A corner element is an element from the start of the array or from the end of the array.
Examples:
Input: N = 8, arr[] = {6, -1, 14, -15, 2, 1, 2, -5}, K = 4
Output: 19
Explanation:
Here the optimal choice is to pick three cards from the beginning. After that if we want to pick the next card, our points will decrease. So maximum points is arr[0] + arr[1] + arr[2] = 19.
Input : N = 5, arr[] = {-2, -1, -6, -3, 1}, K = 2
Output : 1
Here optimal choice is to pick last card. So maximum possible points is arr[4] = 1. Any further selection will reduce the value.
Naive Approach:
To solve the problem mentioned above we will use Recursion. As we can only take a start or end index value hence initialize two variables and take at most K steps and return the maximum sum among all the possible combinations. Update the maximum sum only if it is greater than the previous sum otherwise skip to the next possible combination. The recursive approach has exponential complexity due to its overlapping subproblem and optimal substructure property.

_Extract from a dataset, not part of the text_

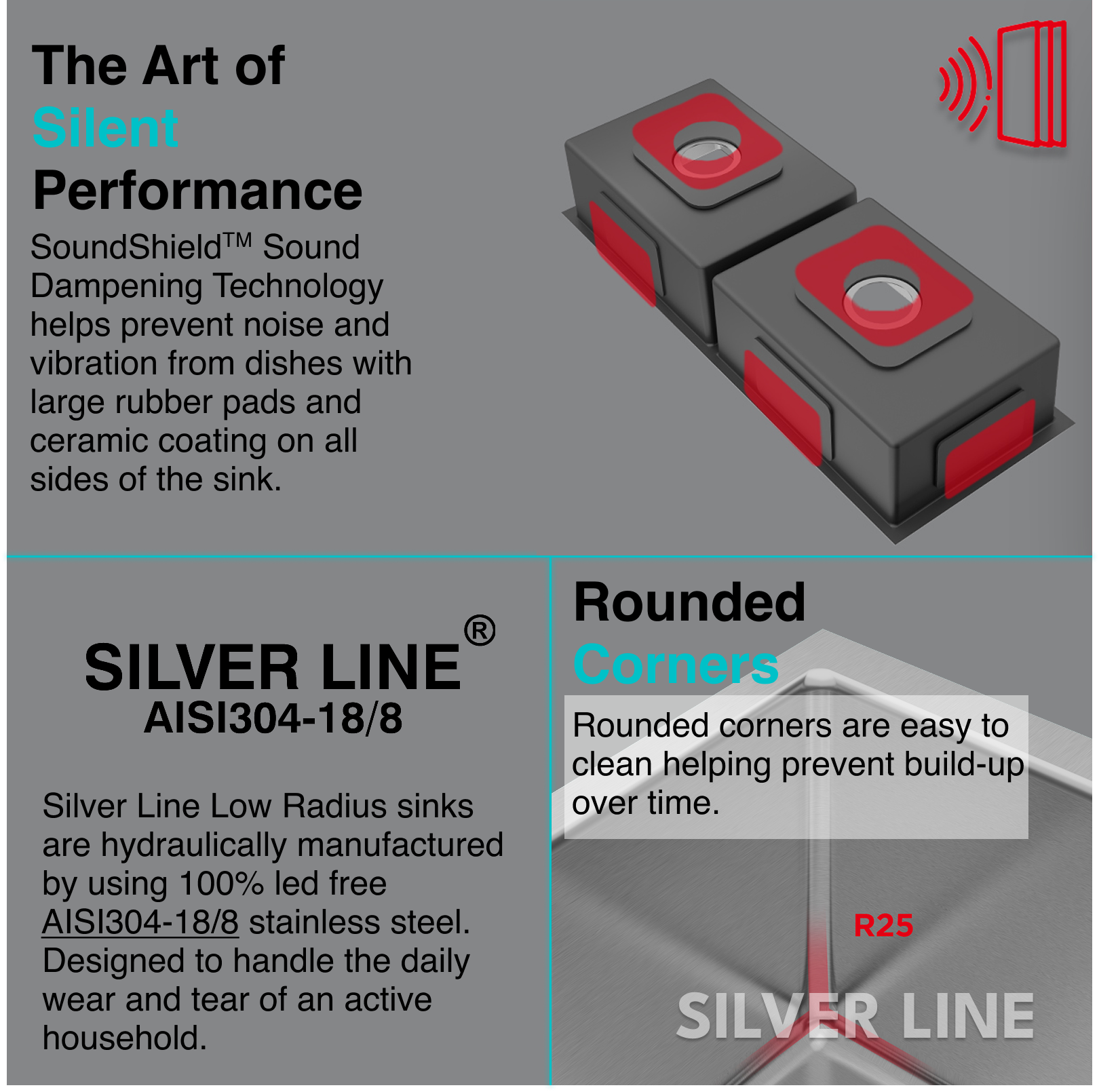 - Sheet Thickness: Precision-engineered with 1mm thick sheet, Silver Line sinks boast an optimized thickness profile that delivers superior low radius curves for longevity and silent performance.

Below is the implementation of the above approach:
C++
#include <bits/stdc++.h>
using namespace std;
int maxPointCount(int arr[], int K, int start, int end,
int points, int max_points)
{
if (K == 0) {
return max_points;
}
int points_start = points + arr[start];
max_points = max(max_points, points_start);
int points_end = points + arr[end];
max_points = max(max_points, points_end);
return max(maxPointCount(arr, K - 1, start + 1, end,
points_start, max_points),
maxPointCount(arr, K - 1, start, end - 1,
points_end, max_points));
}
int main()
{
int arr[] = { -2, -1, -6, -3, 1 };
int N = sizeof(arr) / sizeof(arr[0]);
int K = 2;
int points = 0;
int max_points = 0;
int start = 0;
int end = N - 1;
cout << maxPointCount(arr, K, start,
end, points, max_points);
return 0;
}
|
Java
import java.util.*;
class GFG{
static int maxPointCount(int arr[], int K,
int start, int end,
int points, int max_points)
{
if (K == 0)
{
return max_points;
}
int points_start = points + arr[start];
max_points = Math.max(max_points, points_start);
int points_end = points + arr[end];
max_points = Math.max(max_points, points_end);
return Math.max(maxPointCount(arr, K - 1,
start + 1, end,
points_start, max_points),
maxPointCount(arr, K - 1,
start, end - 1,
points_end, max_points));
}
public static void main(String[] args)
{
int arr[] = { -2, -1, -6, -3, 1 };
int N = arr.length;
int K = 2;
int points = 0;
int max_points = 0;
int start = 0;
int end = N - 1;
System.out.print(maxPointCount(arr, K, start,
end, points,
max_points));
}
}
|
Python3
def maxPointCount(arr, K, start, end,
points, max_points):
if (K == 0):
return max_points
points_start = points + arr[start]
max_points = max(max_points, points_start)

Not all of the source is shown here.